Here and there we passed narrow wood staircases leading up into the school. Franklin stopped us at one of them and waved us up with his Beretta. Once we all reached the basement, he had us wait there while he climbed a second flight and unlocked the door at the top. He came back down.
“Go up.”
I recognized the odor before I even reached the top of the stairs. Sweat and chlorine. A stronger, more sour version of Tor’s smell. All of a sudden my forehead felt hot and cold at the same time. With my mouth taped up, I couldn’t seem to pull enough air in through my nostrils anymore. The duct tape sucked against my mouth as I struggled to breathe.
We stumbled into the boys’ locker room. The only light filtered in through small rippled-glass windows near the top of one wall. A few used towels draped over benches and hung from open locker doors.
My breathing sped up even more. Again I forced myself to focus. In a second, Franklin would march me over to that spot in the corner, rip off the duct tape, and tell me to say the words I’d said two years ago, the words he’d written down in the book. Keep your eyes to yourself, pervert.
But when the moment came, I wouldn’t say that sentence from the journal. I’d recite the last verse of the poem instead. I just had to get out the words before he pulled the trigger. I remembered them now. The lines seemed to glow inside my head.
Would the change in his brain happen fast enough to save me, though? Would the magic words transform him just like that? I had no idea, but at least there was hope.
Franklin directed Tor to wait off to the side. To me he said, “Go stand o
ver there.” He prodded me with the gun, but my legs barely had the strength to carry me forward. I felt like I was still wading through snow. Once I reached the far corner, Franklin turned me around and grabbed a corner of the duct tape covering my mouth. The goggles of his mask reflected back to me my heaving shoulders and pale face and wide eyes. The final stanza of the poem was there, on my taped-up lips, ready to spill out.
But he didn’t pull.
“No.” He shook his head. “You don’t get to talk. I don’t care if I lose a few points. I don’t want to hear your voice anymore.”

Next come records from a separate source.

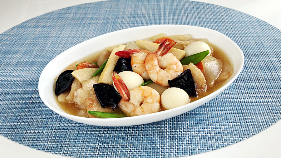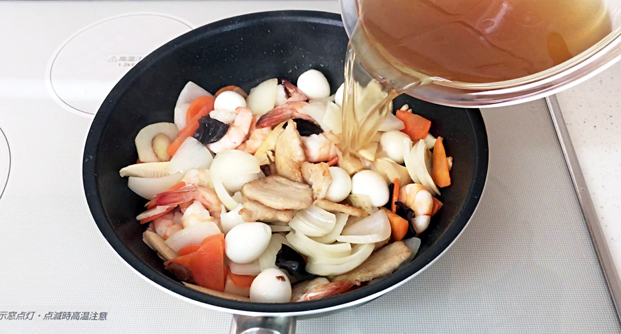 最後に入れたタマネギが半分ほど炒められたら、うずら卵と海老、鶏胸肉も入れ、【B】の合わせ調味料を入れ、味を調えます。
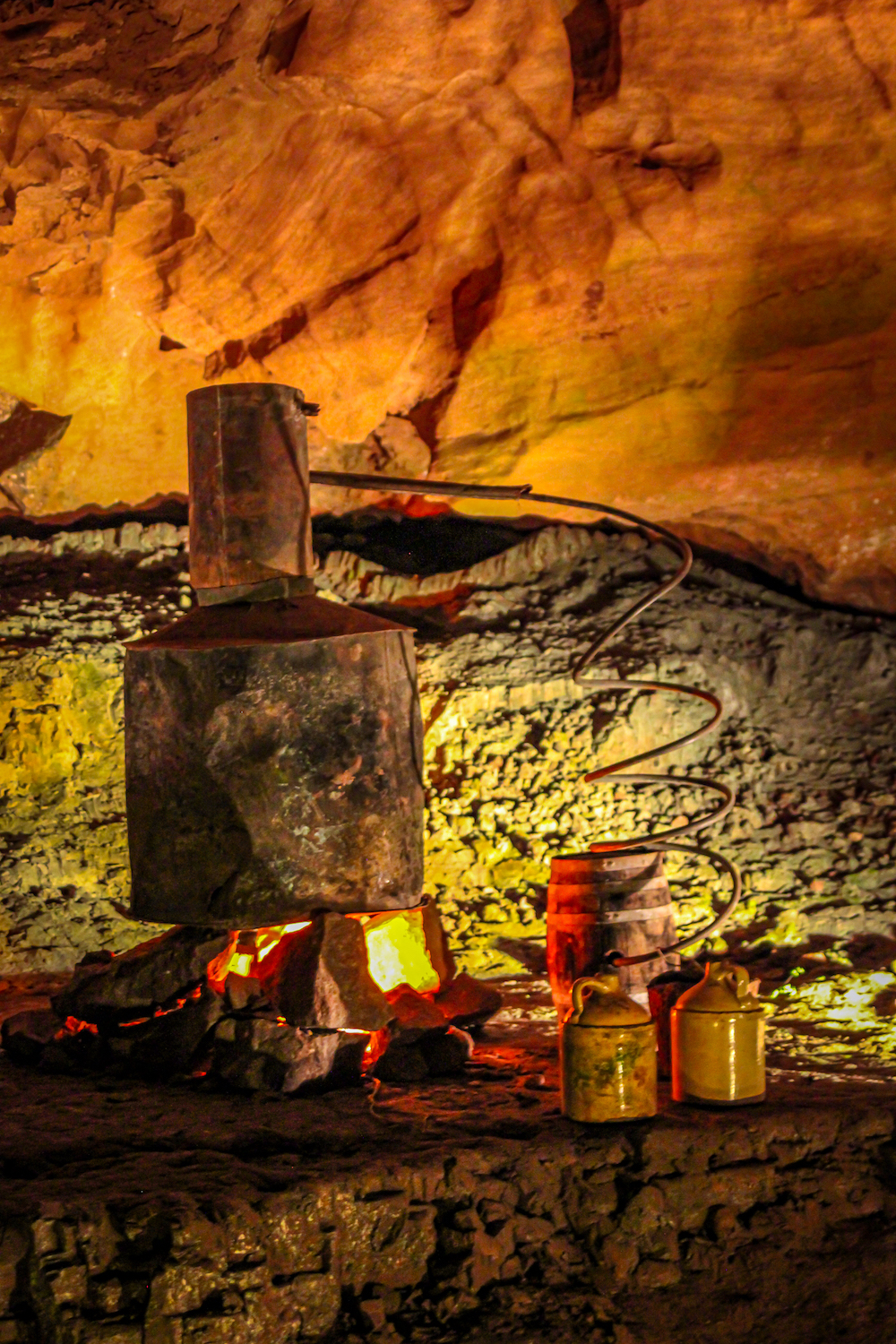 Making our way down deeper into the caverns, we saw the late-1800s graffiti, an authentic Appalachian moonshine still that was found there, a wooden vat used to cook saltpeter, and even some small waterfalls.
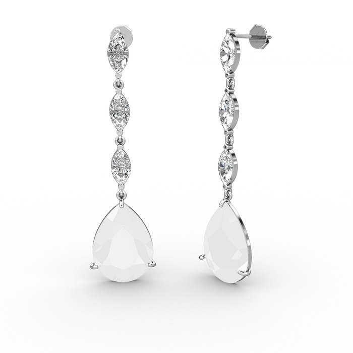 Beyaz akrilik ve beyaz zirkon 8 ayar beyaz altın küpe
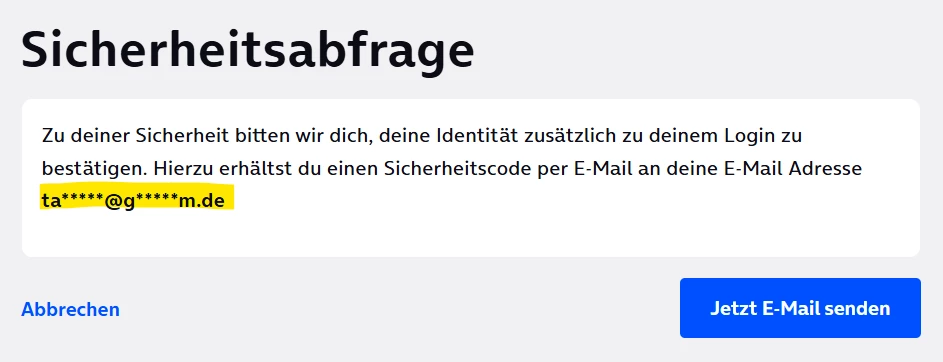 Sicherheitsabfrage, E-Mail-Adresse für Sicherheitscode ändern
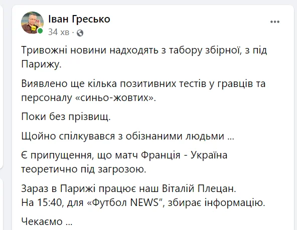 Шеф-продюсер телеканалов "Футбол" Иван Гресько на своей странице в Фейсбуке сообщил, что это может помешать планам сборной Украины. Есть предположение, что завтрашний спарринг против Франции находится под угрозой срыва.
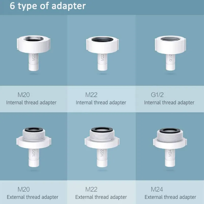 3、USB Charging: 6 sets of adapters can be adapted to any faucet. Using USB charging, the charging time is about 3 hours, which can provide
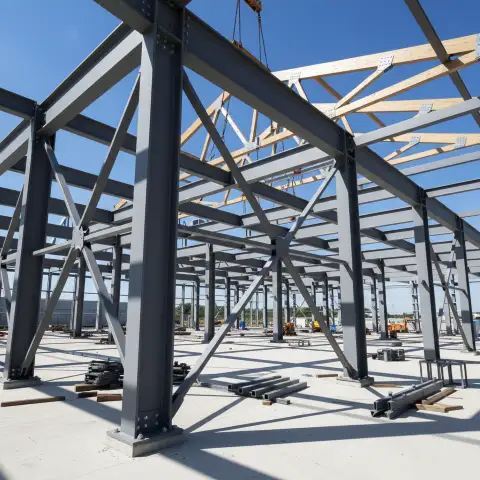 Steel structures require member selection, welding and bolting design, bracing systems and corrosion protection considerations.
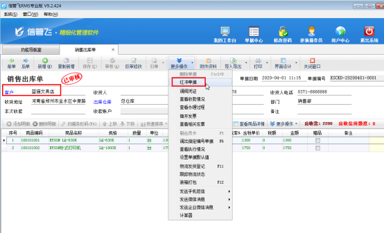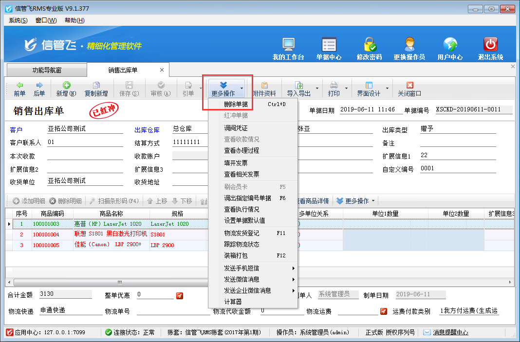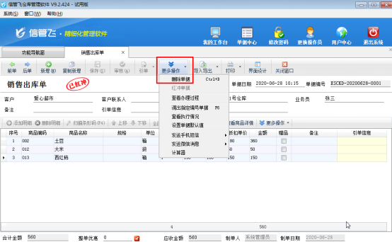 ????打開客戶名稱有誤的銷售出庫單,點擊“更多操作”—》“紅沖單據”,來將“已審核”的單據進行紅沖,紅沖后的單據會變為無效,紅沖相當于作廢,相應的應收款會刪除,之前對庫存的影響也會解除。如下圖所示:
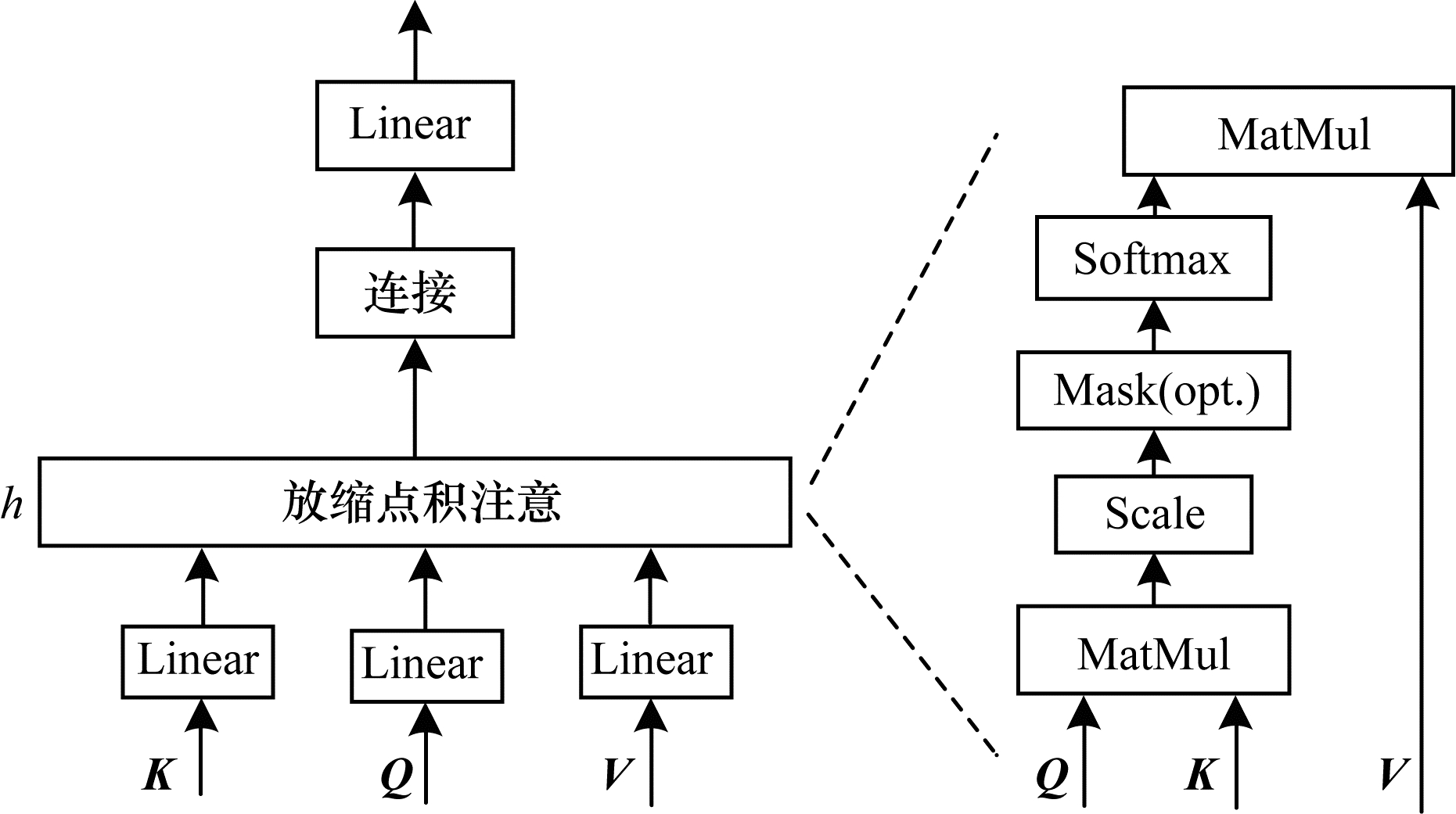 多头注意力机制是将查询向量序列Q、键向量序列K和值向量序列V经过线性变换输入到缩放点积注意中,通过h次缩放点积注意计算后,将计算结果进行合并线性变换。
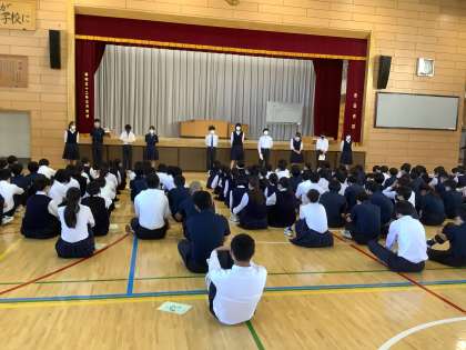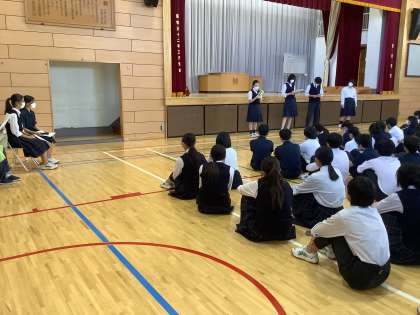 本日の学年集会では、各委員会の委員長が前期のまとめを発表しました。

He backed up a few steps and raised the Beretta. My vision blurred. It took me a second to realize I’d started crying. He hadn’t pulled off the tape, but I tried to say something anyway, maybe the poem or maybe something else, I didn’t even know, but it came out a formless moan. His finger tightened on the trigger. Next to me a locker lolled open like an empty coffin. This is it, I kept thinking. This is it. This is it. Me dying here, in this room, at Franklin’s hand. It didn’t feel real, but at the same time, it felt absolutely inevitable. I closed my eyes, pressing out tears.
I didn’t hear a gunshot. I heard a crash. When my eyes snapped open again, the mask and gun had disappeared. Tor had barreled into Franklin, and the two had rammed into the lockers. The gun skated across the concrete. They slid to the floor and wrestled there, their bodies a writhing mass.
Tor was a lot bigger than Franklin, but he still had his hands tied behind his back, just like I did. Franklin punched him with his fists, jabbed him with his elbows, even knocked his head, metal mask and all, against Tor’s. The blow stunned Tor, but only for a second. He kicked Franklin hard in the belly. A strangled grunt came from inside the mask. Franklin clambered away from Tor, who struggled to his feet and lunged after him like he wanted to keep on kicking. Rolling onto his back, Franklin reached into his coat for something.
A second Beretta.
The room exploded with noise and light. In the darkness that followed, I could just make out black spots of blood dotting the green lockers behind Tor.